THE BASIS POINT

Stats on why people move. Reverse mortgage aversion.

 

WHY PEOPLE MOVE
Among those who moved between 2009 and 2010, Census said almost 44% of them (16.4m) did so for housing-related reasons, such as the desire to live in a new or better home or apartment. Thirty percent moved for family reasons (including marital status), and 16% for employment. In 2010, 37.5m people 1 year and older changed residences in the U.S., which is 12.5% of our population. This was the same in 2009. Of those 2010 movers, almost 70% stayed in the same county.

BANK DEAL
The folks at ING Direct USA will soon have a new boss: Capital One Financial. You know, the guys with the Viking ads on TV? Capital One was prominently mentioned in Michael Lewis’s “The Big Short,” and bought North Fork Bancorp in 2006 (which owned GreenPoint Mortgage and resulted in a $860 million charge off), Hibernia in 2005, and Chevy Chase in 2008. ING Direct is being purchased for $9 billion: $6.2 billion in cash, $2.8 billion in stock.

REVERSE MORTGAGE AVERSION
Wells Fargo announced that it will no longer originate reverse mortgages because of unpredictable home values and restrictions on those loans.
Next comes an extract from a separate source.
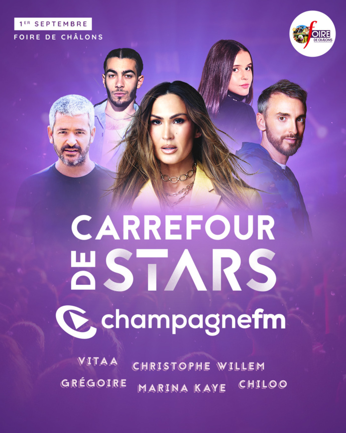 C'est le concert attendu par les auditeurs de la première radio musicale de Reims, Châlons-en-Champagne et de la Marne. Champagne FM donne rendez-vous à ses auditeurs pour un nouveau "Carrefour de Stars", le Vendredi 1er septembre à la Foire de Châlons. Sur scène : Christophe Willem, Grégoire, Chiloo, Marina Kaye et Vitaa.Brulhatour est le rédacteur en chef du magazine La Lettre Pro de la Radio et le directeur associé... En savoir plus sur cet auteur

Back in February Bank of America did the same thing, and in March Wells took reverse mortgages away from wholesale (brokers) and has been originating them only through its own branches.

In 2010, reverse mortgages totaled roughly 2.2% of the bank’s $392.5 billion mortgage volume – perhaps a lot of legal exposure without much profit contribution. Wells said it will continue to service existing reverse mortgages, but new rules made it difficult to determine a seniors’ ability to meet the obligations of the loan, such as making property tax payments and homeowners’ insurance. Is this another “unintended consequence” of government regulation, or the preference of staying away from having the Gray Panthers picketing the home office appearing on the Channel 5 news?

The 2011 Harvard Housing Study says that the number of senior households will increase 35% by 2020, so there’s certainly a reverse mortgage market out there. It’s a matter of when.